I would never recommend this to someone unfamiliar with science fiction. I believe reading SF trains you to have a dialogue of understanding between reader and text, to make inferences about the future, guided by hints in the writing. In the case of Watts, the density of inferring is among the highest of all SF authors. That tends to make his writing confusing, but he can convey very complex settings and ideas with as few words as possible and at a high pace. This creates a kind of feeling of rush, of being at the bleeding edge of futuristic thinking, which many SF junkies love. It doesn’t make his writing beautiful, but Watts at least manages to make it clean and sharp.
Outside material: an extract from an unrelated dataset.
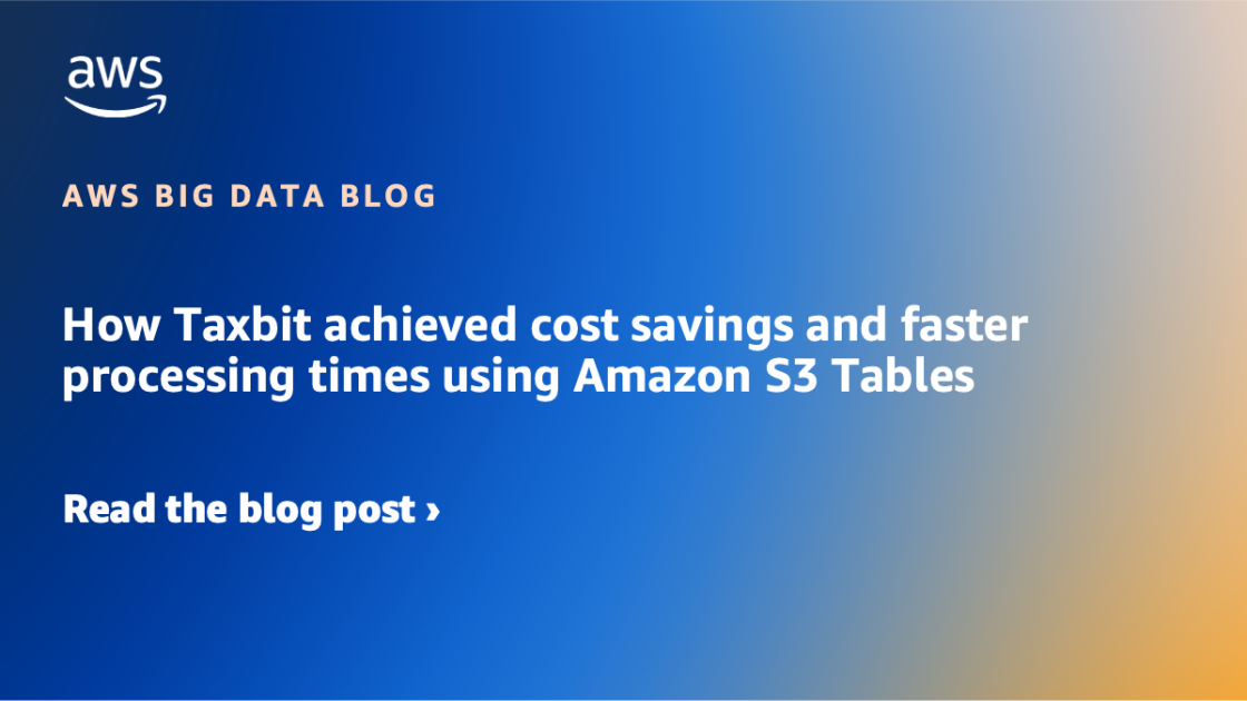 Taxbit’s implementation of Amazon S3 Tables has transformed their cryptocurrency tax compliance solutions, delivering 82% cost savings and five times faster processing speeds. The modernized architecture, combining Amazon EMR, AWS Glue, Amazon Kinesis, and Lambda, now processes transactions in minutes instead of hours. Additionally, the architecture has helped Taxbit maintain approximately 99.99% data accuracy across more than 10,000 digital assets. Beyond operational improvements, this transformation has enabled new product offerings and real-time analytics capabilities. By partnering with AWS, Taxbit addressed their scaling challenges and built a foundation for continued innovation in the digital asset space.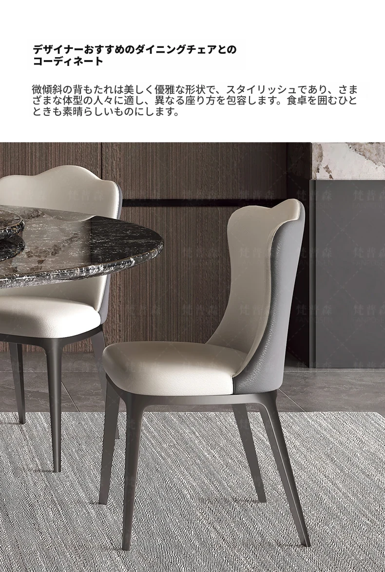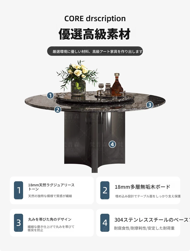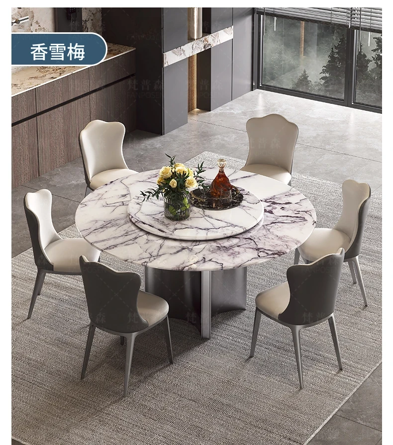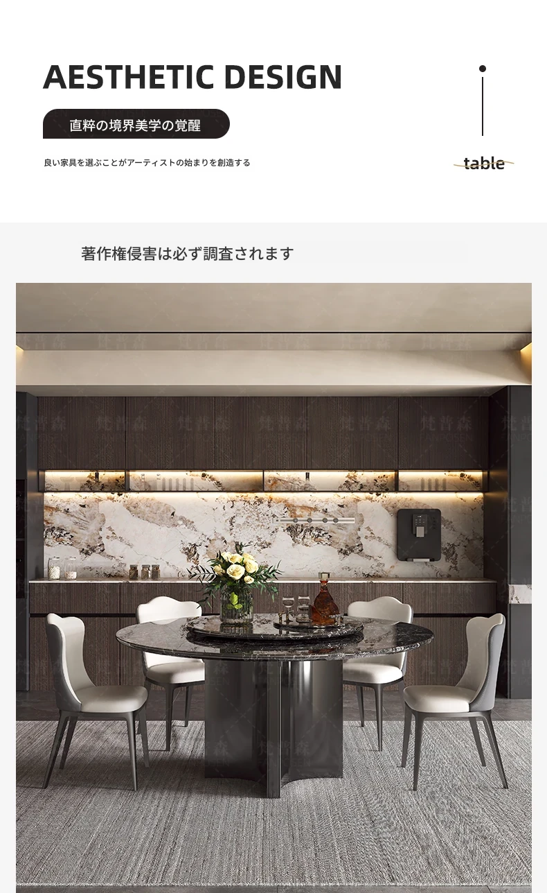 天然大理石使用のラグジュアリーなイタリアンスタイル円形ダイニングテーブル&チェアセット - ヴィラにぴったり、回転盤付きで使い勝手抜群!

Therefore, it is best to read this slowly, because even though this is a novella, the density of ideas is enough to fill a fat novel. (And, by the way, what we call a novella nowadays in page count would be a novel in the 50s.) There are some earlier short stories set in the same universe, but are not necessary to understand this novella.
This is hardly the first story about humans rebelling against a dictatorial AI; in fact, it is a bit of a cliche. The story still feels fresh, though, because of the unique, fascinating setting and the personal relationships. Sunday, our main character, is one of the last people to accept their dire straits. She had an understanding, a friendship even, with Chimp the AI. Only when she is about to blow the cover of the conspirators does she learn about their secret codes. The disillusionment is a bitter pill to swallow. Throughout the story we keep wondering whether Sunday is actually on the side of the conspirators, and half of the time he doesn’t know it herself.
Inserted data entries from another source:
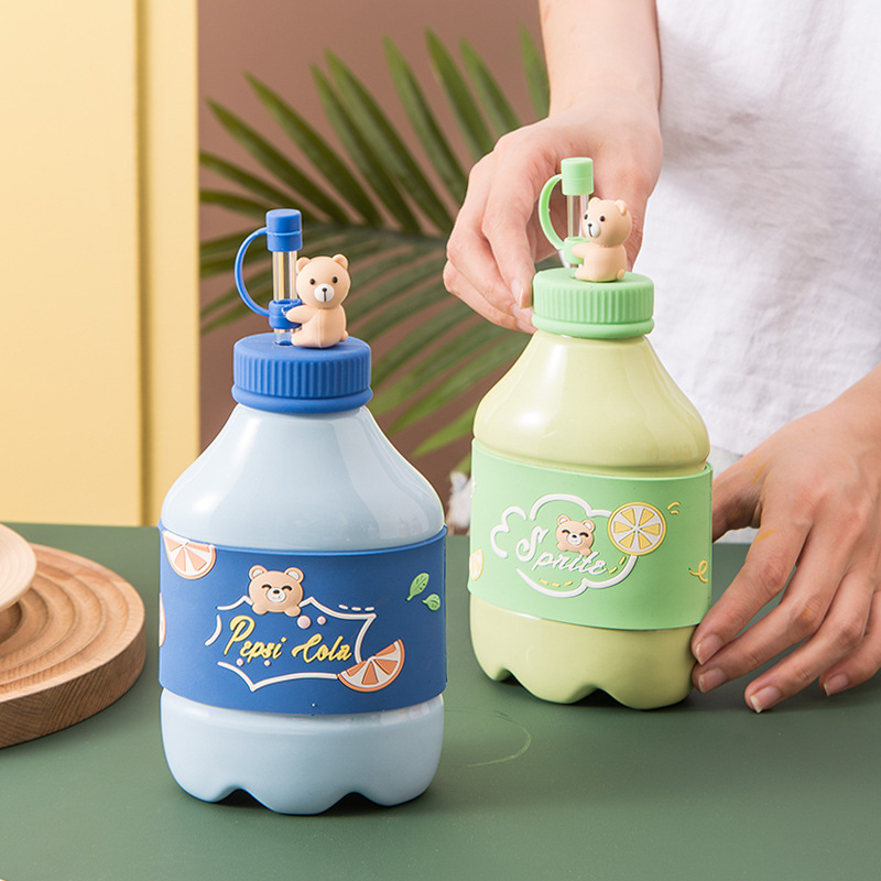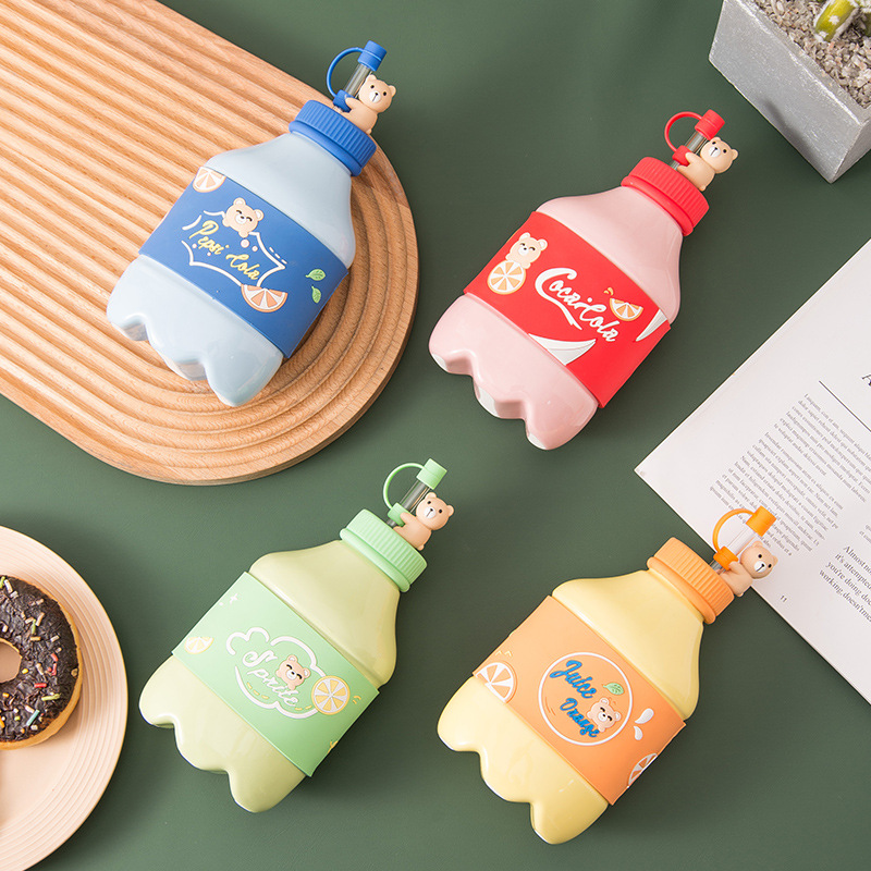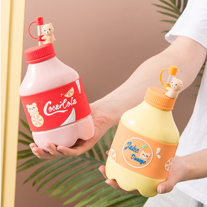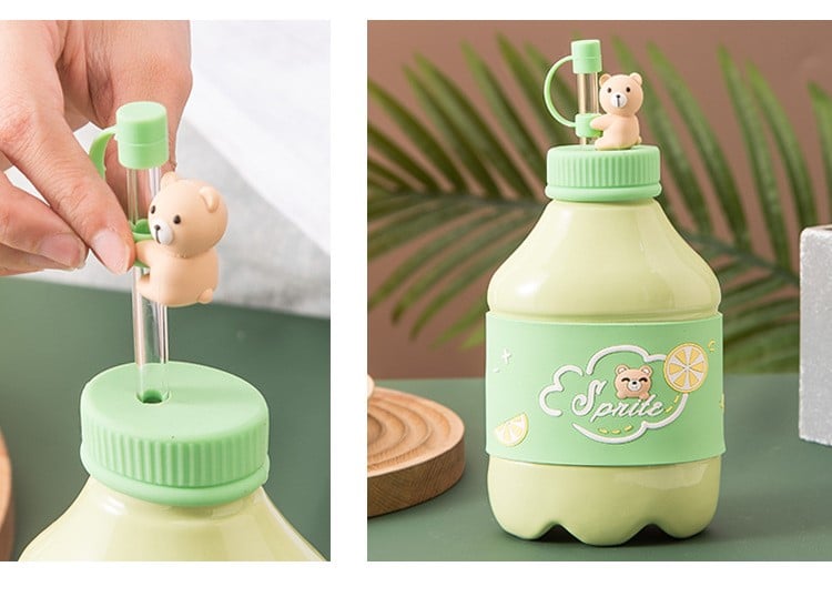 Cute bear beverage bottle milk cup with straw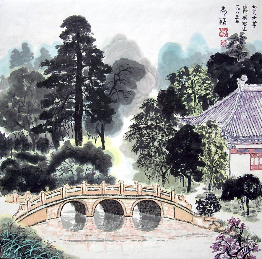 puente en Universidad de Beijing. 44×44 cms. tinta china y acuarela sobre papel. 1985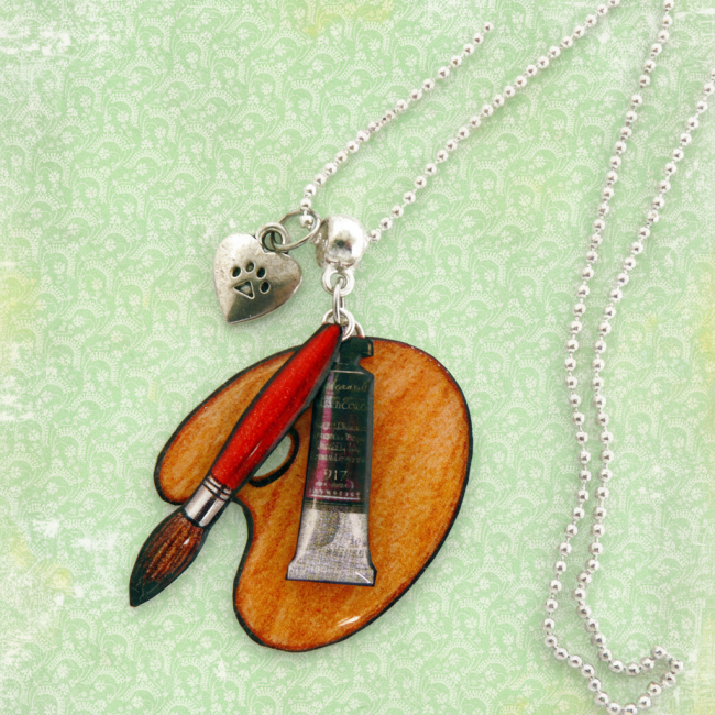 Pendentif artiste – palette, pinceau et tube de peinture en résine, coeur en métal argenté, chaîne réglable acier inoxydable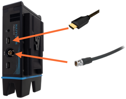 Connect to the unit one of the following external power sources: the supplied AC/DC adapter (USB-PD 3.0 compliant and providing more than 65W), or an external V-Mount or Gold-Mount battery (not supplied) using the included DTAP-to-USB-C cable.

Ultimately, the story didn’t blow me away, but many elements worked very well. The Eriophora is a deliciously complicated prison to escape from. What Watts brilliantly realized and utilized is that for a journey that takes millions of years, the ship has to have immense control over every process and an immense redundancy built into every system. This makes the resistance very exciting and communication is hard when stretched out over thousands of years.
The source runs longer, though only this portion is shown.